Infine lo scontro diplomatico commerciale. Il veto della Serbia, ma anche della Bosnia, all’entrata dei kosovari albanesi nell’Interpol. Significativa in tal senso l’anomala accoppiata tra Belgrado e Sarajevo. Va infatti tenuto conto del fatto che la Bosnia, subito dopo il Kosovo, è il territorio con la maggiore presenza di foreign fighters legati all’Isis. Facile da intuire come i bosniaci in primo luogo temessero una salvaguardia a dir poco scadente se non sospetta da parte della polizia di Pristina nel filtraggio dei terroristi rientrati.

A quest’ultima mossa era seguito il boicottaggio delle merci serbe e bosniache importate in Kosovo, pari a dazi del 100% sulle importazioni. Roba che in confronto, dimensioni a parte, la querelle Usa/Cina è un gioco da ragazzi.

Infine, dulcis in fundo, la volontà delle istituzioni di Pristina,  compreso il presidente Thaci, che pare aver dismesso dopo breve tempo la sua molto provvisoria veste di colomba, di mettere sù un proprio esercito, in palese scontro con le dichiarazioni di Belgrado che ancora ritiene il Kosovo parte integrante del proprio territorio e comunque col chiaro intento di gettare benzina sul fuoco, tenendo conto del clima già acceso nel quale viene avanzata la proposta.

Che se ne dice all’estero? Mentre l’italia tace, dimenticando quanti interessi abbia negli scambi con la Serbia, la Nato e gli Usa tergiversano. Si va da un non meglio identificato allarme di fronte a episodi violenti a un’apertura al momento solamente ipotetica nei confronti delle intenzioni di Pristina, al silenzio ponziopilatesco di fronte agli episodi più inquietanti. Inutile dire che, dall’altra parte, Putin mantiene un filo diretto con Belgrado con la ferma intenzione del mantenimento della Serbia in una posizione di diplomatica equidistanza tra le superpotenze, viste anche la svolta filo Nato del Montenegro e la situazione della Macedonia, spaccata tra presidenza filo russa e governo filo occidentale.

Tutti ingredienti di un cocktail che potrebbe farsi esplosivo. Quali gli interrogativi ancora sul tappeto, prima di dichiarare aperto a tutti i livelli lo stato di emergenza?

La dichiarazione di una possibile risposta militare serba è stata fatta dalla premier Brnabic, che finora non pare avere un peso paragonabile a quello del presidente Vucic.
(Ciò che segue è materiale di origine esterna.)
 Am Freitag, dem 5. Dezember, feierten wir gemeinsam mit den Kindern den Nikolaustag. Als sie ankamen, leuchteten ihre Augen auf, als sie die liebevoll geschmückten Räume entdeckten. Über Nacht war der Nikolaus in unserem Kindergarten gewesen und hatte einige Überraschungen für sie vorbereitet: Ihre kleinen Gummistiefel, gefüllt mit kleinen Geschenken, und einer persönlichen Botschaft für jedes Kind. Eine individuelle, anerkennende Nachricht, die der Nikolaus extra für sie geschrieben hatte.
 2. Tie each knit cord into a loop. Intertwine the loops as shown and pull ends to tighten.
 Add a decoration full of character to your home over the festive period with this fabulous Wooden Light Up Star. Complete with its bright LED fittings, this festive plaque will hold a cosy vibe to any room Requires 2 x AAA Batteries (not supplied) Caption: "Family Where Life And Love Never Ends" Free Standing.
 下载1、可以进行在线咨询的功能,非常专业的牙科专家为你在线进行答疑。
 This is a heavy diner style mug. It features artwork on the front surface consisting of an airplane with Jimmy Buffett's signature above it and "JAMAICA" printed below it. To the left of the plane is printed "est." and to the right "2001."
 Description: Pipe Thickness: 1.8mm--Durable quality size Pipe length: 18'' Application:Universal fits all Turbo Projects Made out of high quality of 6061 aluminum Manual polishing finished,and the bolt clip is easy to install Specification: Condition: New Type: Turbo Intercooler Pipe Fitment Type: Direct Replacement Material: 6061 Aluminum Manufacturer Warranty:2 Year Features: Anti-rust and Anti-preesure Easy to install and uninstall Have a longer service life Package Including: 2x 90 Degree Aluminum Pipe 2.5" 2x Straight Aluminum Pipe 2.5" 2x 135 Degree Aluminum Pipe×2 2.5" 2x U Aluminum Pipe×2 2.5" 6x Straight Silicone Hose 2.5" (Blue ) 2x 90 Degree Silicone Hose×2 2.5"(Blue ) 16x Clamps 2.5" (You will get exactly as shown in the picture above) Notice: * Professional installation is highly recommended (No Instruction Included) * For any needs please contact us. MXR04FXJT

Per quanto allarmante pare dunque un colpo di sonda per vedere le risposte di Washington e di Bruxelles, prima di procedere oltre. Inoltre la Nato per quanto si sia astenuta dal criticare le azioni di Haradinaj e soci ha sempre prefigurato un eventuale sostegno aperto alla escalation dei kosovari albanesi lungo un orizzonte di medio lungo periodo. Infine, tutta la situazione oggi presente nei Balcani, risulta sovradeterminata, nel male come nel bene, da un quadro geostrategico moto più ampio della ex Jugoslavia, che comprende tanto la rotta balcanica dei profughi come i gasdotti russi verso il sud Europa, come anche il possibile risorgere dell’isis come gli equilibri della Ue in conseguenza delle elezioni, nonché la situazione bellica in Ucraina.

Ma il campanello d’allarme è comunque squillato. Prova ne sia il fatto che la premier serba non ha voluto commentare le notizie secondo cui gli Usa avrebbero intenzione di inviare in Albania armamenti, che verrebbero poi dirottati all’esercito kosovaro. Come dire che la macchina bellica non si è ancora messa in moto, ma qualche motore di troppo si è comunque acceso.